In the letter, she said she’d gone out to the site of the East Cathedral fire only days after it had happened. As she walked its perimeter, she came upon what she called an apparition — an injured dog curled up at the base of a camellia tree. It lay there licking a severe wound on its front leg. She described it as a muscular hound with a shimmering black coat and amber eyes, and had felt a temptation to collect one of the fallen bright-red flowers that were scattered around it, but was too afraid to move closer. Instead, she watched the snow fall on the ruins of the church. Before leaving, when she turned toward the dog once more, she was startled to see that it stood fully healed. It gazed at her for a moment before running off into the field behind the tree, shrinking away in what little light of dusk remained.
I was told that the letter was probably cursed and that I should burn it. I haven’t been able to, at least not until she sends me another.
—
VIII. In Florescence
Most of my thoughts have been lost, and I can feel just about everything that touches me.
Under the flattened mesh of grass blades are countless tiny fragments of plant debris, compacted together with organisms just as small — or even smaller — and imbued with a rich blend of gases and water.
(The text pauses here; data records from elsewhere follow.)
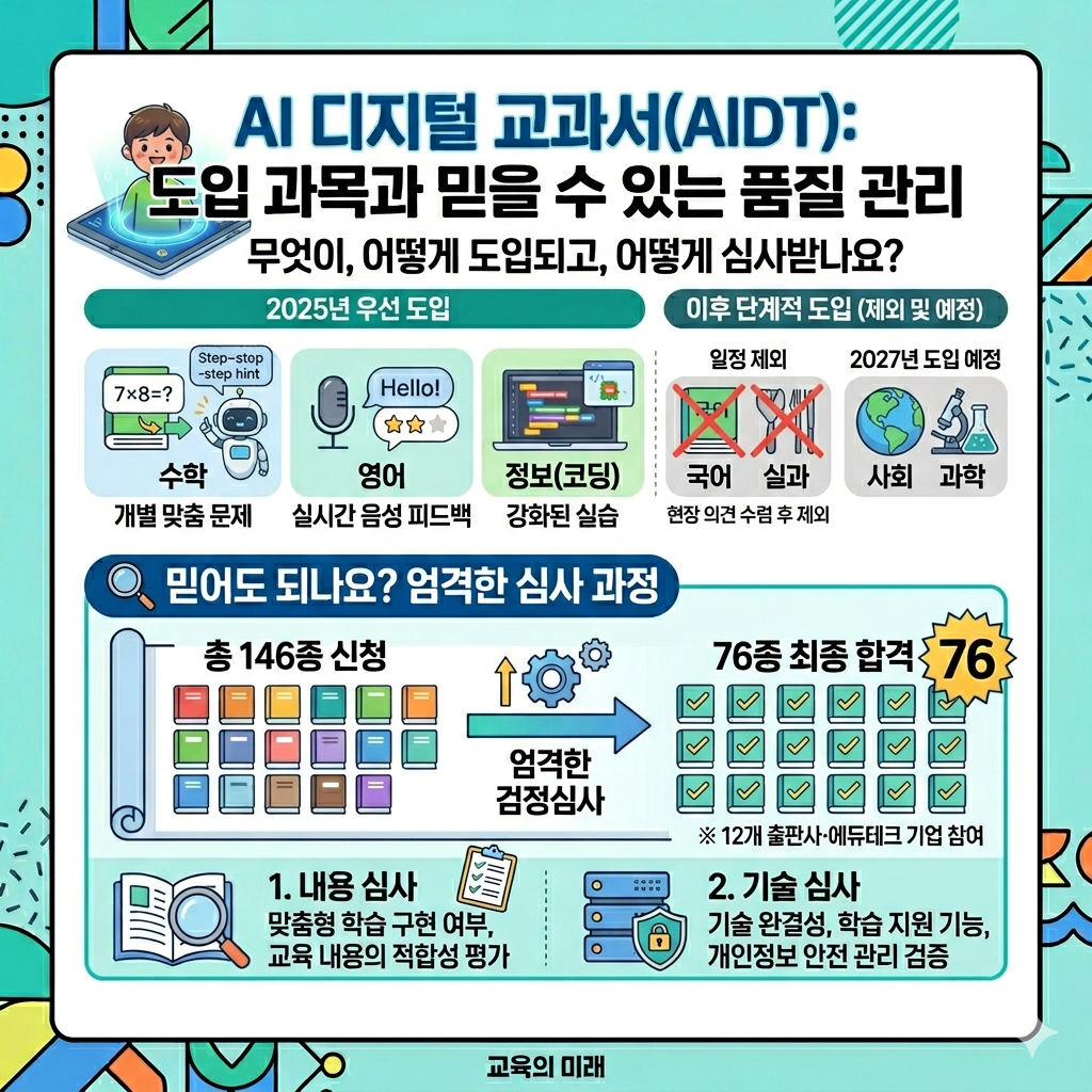 심사는 크게 두 가지로 이루어집니다. 첫째는 내용심사로, 맞춤형 학습 구현 여부와 교육 내용의 적합성을 평가합니다. 둘째는 기술심사로, 기술 완결성과 학습 지원 기능, 그리고 개인정보 안전 관리 여부까지 꼼꼼히 따집니다. 12개 출판사·에듀테크 기업의 76종이 이 심사를 통과해 현재 각 학교가 선택·사용 중입니다.
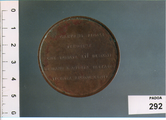 D/ A GAETANO PINALI / VERONESE/ CHE DONAVA LVI DISEGNI/ DI MANO D'ANDREA PALLADIO/ VICENZA RICONOSCENTE; R/ FIGURA FEMMINILE SEDUTA; SOTTO F. PUTINATI; IN ESERGO MDCCCXXXIX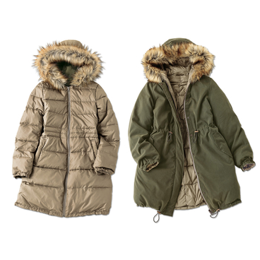 フロントのフェイクファーが上品な商品。背中部分はやわらかなニット素材でボリュームが出過ぎないすっきりとしたシルエットに。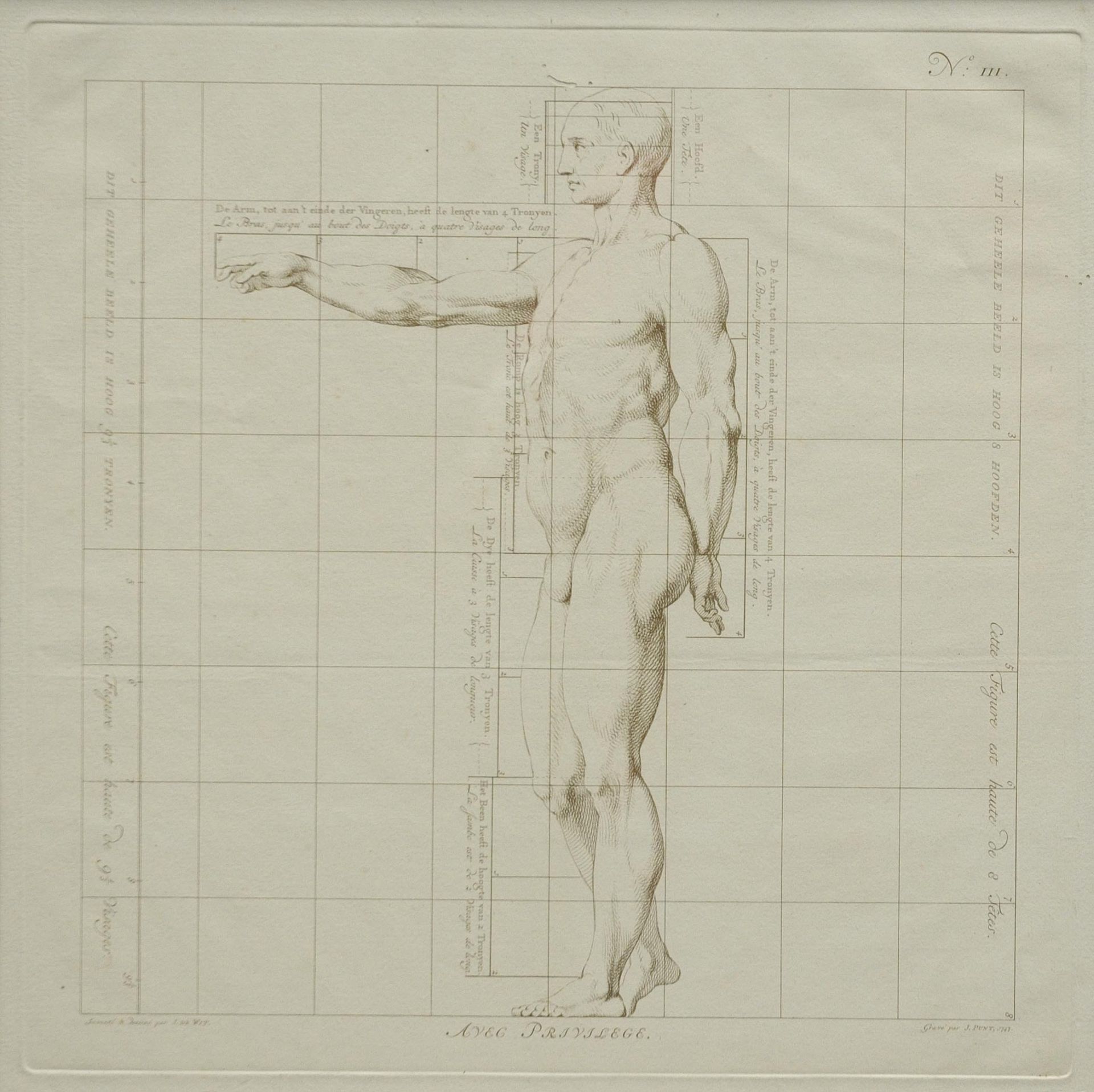 Jacob de Wit Kunstwerk • Grafik • zuvor zu verkaufen Die Idealmaße des menschlichen Körpers - Mann ( III)

Somehow, it all speaks to me, through the skin of my back, in its strange, miniature language. Not long before now, I may have looked at it from afar and seen only silence and stillness, but I was wrong. Everything is moving and always has been, now collapsing into itself by imperceptible distances as gravity slowly pulls me against it all.
Beside me is the silhouette of a stranger. It’s squatting and hunching, facing away from me, providing me shade. A fine halo glows at its edges as sunlight flows towards us, cutting a stranger-shaped hole in the swirling blood-orange sky. It speaks just a few words:
Have you seen the flowers?
I say something and sit up, feeling the air move against my face as my head travels from the ground. The silhouette has picked a flower from a patch of weeds and is inspecting it with great care. It reaches for another, whose stem has only so far produced a bud. Once picked and brought closer, the bud unfurls and blooms into a flower, presenting its ashy blue petals and spiny white stamens. I do the same with one like it nearby, watching it bloom as I slowly draw it near.
Almost as if to respond, it holds me in its own gaze, and before long the remainder of my thoughts are lost among the curious organs that sprout from its centre.